So leadership does seem to matter. But then, how do we incorporate into our political economy models?

The answer is not clear, mostly constituting an area for future research, though there are a few attempts.

One approach to this has been pioneered in organizational economics, for example by Benjamin Hermalin’s work, focuses on how leaders, such as top managers, can take actions to “lead by example” and to motivate other workers in the organization (e.g., work visibly hard on a project to signal the value of putting more effort for a specific project).

Roger Myerson’s work has pursued a different line, modeling leadership as a form of reputational equilibria (the leader builds a reputation for sticking to his word, for example).

Perhaps more important in political economy is the role of leaders in solving collective action problems and coordinating beliefs and behavior. There is much less on this.

One approach is developed by Daron and Matt Jackson. Leaders are those individuals whose actions are “prominent” meaning that they are seen by more agents and more precisely. In a dynamic coordination game, this creates an advantage. If an individual who is not prominent wishes to switch from the Pareto dominated equilibrium of the coordination game to the Pareto dominant one, she will rightly worry that others will not see her action or its signal or that the signal will not be sufficiently informative. The prominence of leaders enables them to circumvent this problem, enabling them to change the equilibrium if they want to.

There are several directions for extending this. First, rather than taking prominence as exogenous, one can try to endogenize prominence by the past actions of an individual. For example, Nelson Mandela became prominent because of his key role in the African National Congress’ struggle, his organizational efforts and then unwillingness to make a deal with the Apartheid regime.

Second, one can introduce similar ideas in the context of a game of collective action (rather than simply a game of coordination between two players). Then the role of leaders would become closer to that of “solving the collective action problem,” a hallmark of political leadership.

This work takes a first, and specific, step in thinking about the role of leadership as coordinating beliefs, but there are other possibilities. For example, leaders solve the collective action problem not because of their prominence, but by introducing new ideas (something we will discuss in later posts) or by more effectively communicating their actions or information (for example, by forming or exploiting their social networks). But these ideas have not yet been, at least to the best of our knowledge, systematically investigated.

Another important role of leaders, which has been investigated even less, is to form new coalitions. They may be able to solve again affecting beliefs or by exploiting their network of friends, followers and associates.


Does Leadership Matter?

In our last post, we introduced Nelson Mandela’s challenge to political economy: incorporate the role of leadership and ideas into our theoretical and empirical investigations.

This is a bit like world peace. Pretty much everybody is in favor of it — or at least says they are in favor of it. But few know how to achieve it.

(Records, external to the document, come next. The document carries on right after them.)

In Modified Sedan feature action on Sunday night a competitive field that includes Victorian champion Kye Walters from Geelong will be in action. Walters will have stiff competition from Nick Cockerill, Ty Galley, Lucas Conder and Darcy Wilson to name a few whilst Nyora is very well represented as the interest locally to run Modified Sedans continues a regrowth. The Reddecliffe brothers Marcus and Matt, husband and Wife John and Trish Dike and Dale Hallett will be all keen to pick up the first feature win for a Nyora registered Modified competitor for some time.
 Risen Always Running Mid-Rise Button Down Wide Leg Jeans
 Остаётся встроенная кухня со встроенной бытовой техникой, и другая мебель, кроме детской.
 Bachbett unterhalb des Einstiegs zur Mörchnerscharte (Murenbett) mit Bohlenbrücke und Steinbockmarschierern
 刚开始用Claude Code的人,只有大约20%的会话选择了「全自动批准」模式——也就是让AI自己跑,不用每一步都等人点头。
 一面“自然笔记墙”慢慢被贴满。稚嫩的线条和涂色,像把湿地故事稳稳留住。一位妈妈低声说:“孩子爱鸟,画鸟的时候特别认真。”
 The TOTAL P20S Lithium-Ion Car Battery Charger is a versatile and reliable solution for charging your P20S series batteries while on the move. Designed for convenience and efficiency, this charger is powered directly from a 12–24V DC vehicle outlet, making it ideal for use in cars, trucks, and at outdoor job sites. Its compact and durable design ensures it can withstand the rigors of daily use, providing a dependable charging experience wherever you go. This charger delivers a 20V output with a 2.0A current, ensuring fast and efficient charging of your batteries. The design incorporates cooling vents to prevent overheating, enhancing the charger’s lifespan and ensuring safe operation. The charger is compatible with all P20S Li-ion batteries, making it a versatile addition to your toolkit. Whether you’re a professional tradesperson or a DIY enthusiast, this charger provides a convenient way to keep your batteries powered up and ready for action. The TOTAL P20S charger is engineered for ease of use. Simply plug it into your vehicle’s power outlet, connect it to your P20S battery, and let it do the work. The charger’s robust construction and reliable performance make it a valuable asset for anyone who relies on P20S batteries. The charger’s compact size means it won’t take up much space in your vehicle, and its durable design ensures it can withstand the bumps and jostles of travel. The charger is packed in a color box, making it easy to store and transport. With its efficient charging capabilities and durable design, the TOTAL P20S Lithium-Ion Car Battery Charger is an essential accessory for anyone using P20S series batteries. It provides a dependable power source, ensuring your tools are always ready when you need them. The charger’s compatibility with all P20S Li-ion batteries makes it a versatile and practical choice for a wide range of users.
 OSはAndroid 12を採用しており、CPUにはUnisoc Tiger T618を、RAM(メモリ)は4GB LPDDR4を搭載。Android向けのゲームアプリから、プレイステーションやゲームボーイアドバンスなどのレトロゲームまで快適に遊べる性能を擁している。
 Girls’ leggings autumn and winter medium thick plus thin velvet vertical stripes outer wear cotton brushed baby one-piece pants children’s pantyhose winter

Of course it’s easy to criticize existing approaches because they don’t have leadership and a role for ideas independent of interest. But that’s also a little cheap.

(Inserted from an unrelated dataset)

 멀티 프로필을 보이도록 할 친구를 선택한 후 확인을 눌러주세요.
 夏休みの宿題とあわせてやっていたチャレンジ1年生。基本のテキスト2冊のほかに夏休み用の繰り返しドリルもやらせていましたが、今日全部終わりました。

Though some would disagree, we believe firmly that economics — and more generally social science — makes progress by being much more specific about how certain social phenomena can be modeled formally; by deriving new insights and perspectives that would not have been obvious without doing this modeling work; by devising new ways of measurement corresponding to these new concepts; and by testing hypotheses and new ideas systematically using state-of-the-art econometric and statistical methods.

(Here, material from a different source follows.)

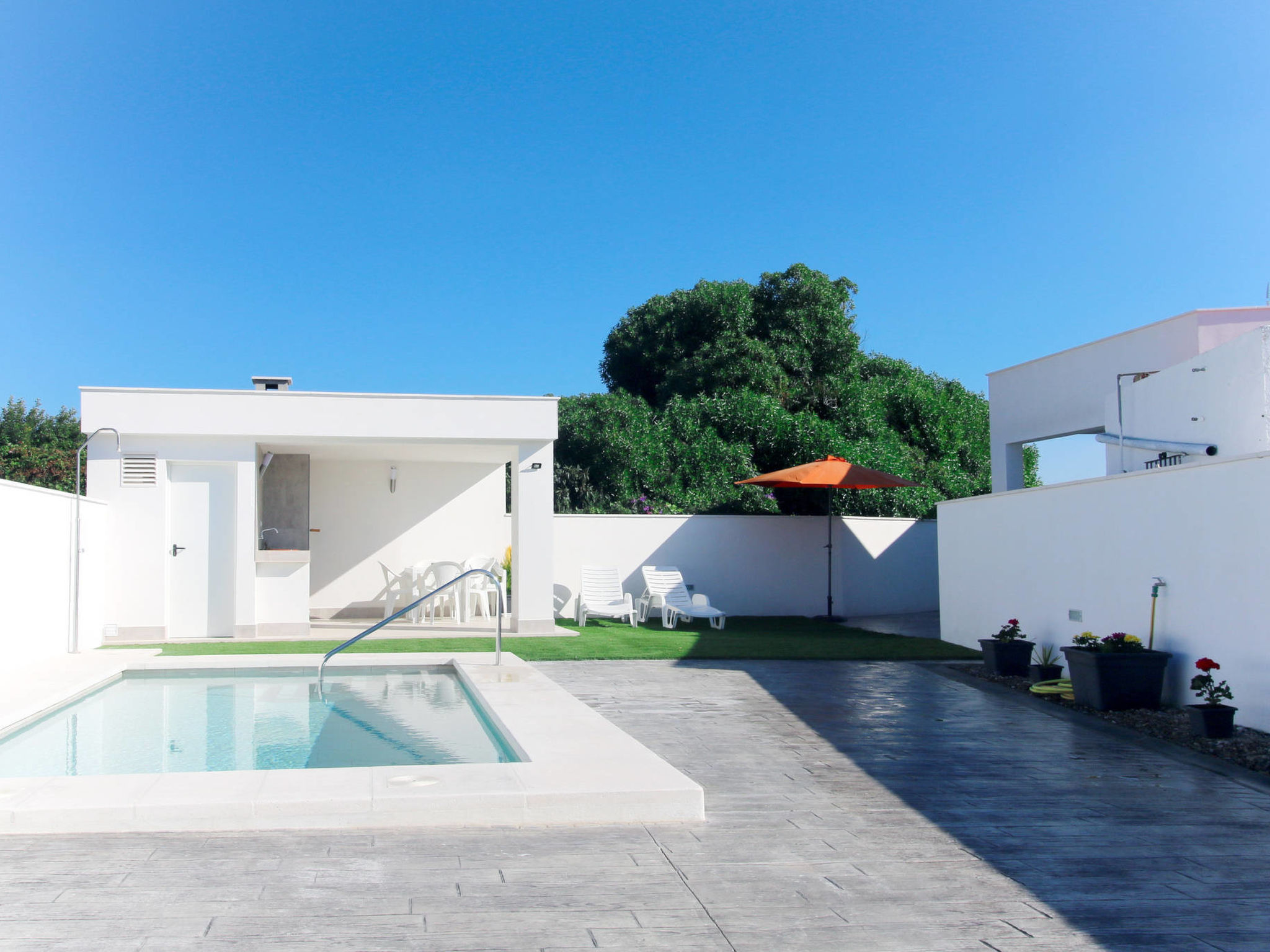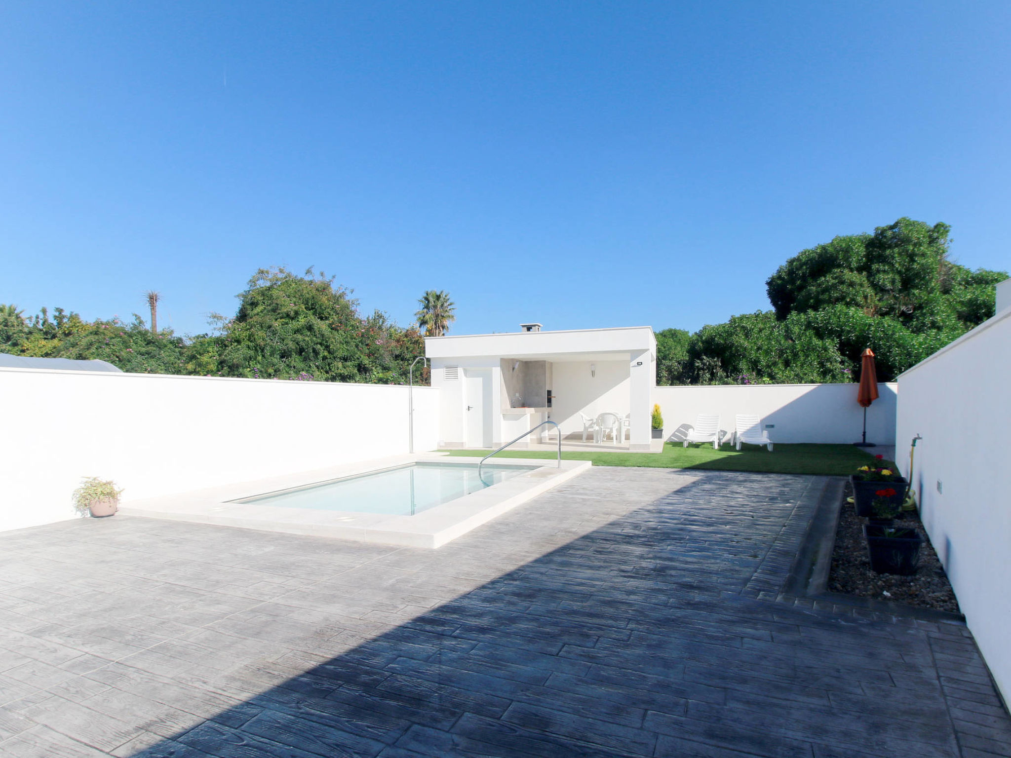 Modern bungalow "La Estancia", built in 2018. Barrio Nuevo 2 km from the centre of Conil de la Frontera, 49 km from the centre of Cádiz, 65 km from the centre of Jerez, in the residential district, 3 km from the sea, 3 km from the beach. Private: property 400 m2 (fenced), garden with lawn and wildlife garden, swimming pool (5 x 3 m, depth 115 - 145 cm, 01.01.-31.12.). Outdoor shower, terrace, garden furniture, barbecue house, parking on the premises. Shop 2 km. Please note: car recommended.Availability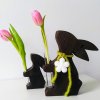 Dřevěný zajíček KÁJA je vyrobený ze smrkového nebo modřínového dřeva o hloubce 4 cm. Každý zajíček má svoji skleněnou vázičku pro vkládání živé nebo sušené květiny. Vázičku lze vyjmout a nahradit třeba velikonoční žílou nebo jinou dekorací.

So the devil is in the details.

Be that as it may, there is actually work in political economy and economics in general on these topics.

First, two related strands of work show that leaders do indeed matter.

The first is exemplified by a creative paper by Benjamin Jones and Benjamin Olken, “Do Leaders Matter?”. Focusing on changes in national leadership resulting from random leader death (where leader here means the person with executive power which could be president, prime minister or dictator), Jones and Olken find evidence that leaders do matter.

In particular, they test for the hypothesis that the growth rate of GDP is the same before and after the random leader death, and comfortably reject this hypothesis, suggesting that there is a change in growth as leaders die and are replaced by new ones.

Two things are particularly interesting about this paper.

First, they are testing whether a change in leadership is associated with any change in growth — a hypothesis much weaker than a change in leadership from somebody with certain characteristics (say low education) to other characteristics (say high education) increasing economic growth. This is for good reason. There doesn’t seem to be as strong patterns when it comes to leader characteristics (but see this paper and this paper).

Second and more interestingly, Jones and Olken show that this result is driven by changes in leadership in countries with weak and non-democratic political institutions. This says that the change from George W. Bush to Barack Obama, important though it was for many things, should not have changed the US growth rate, which is plausible.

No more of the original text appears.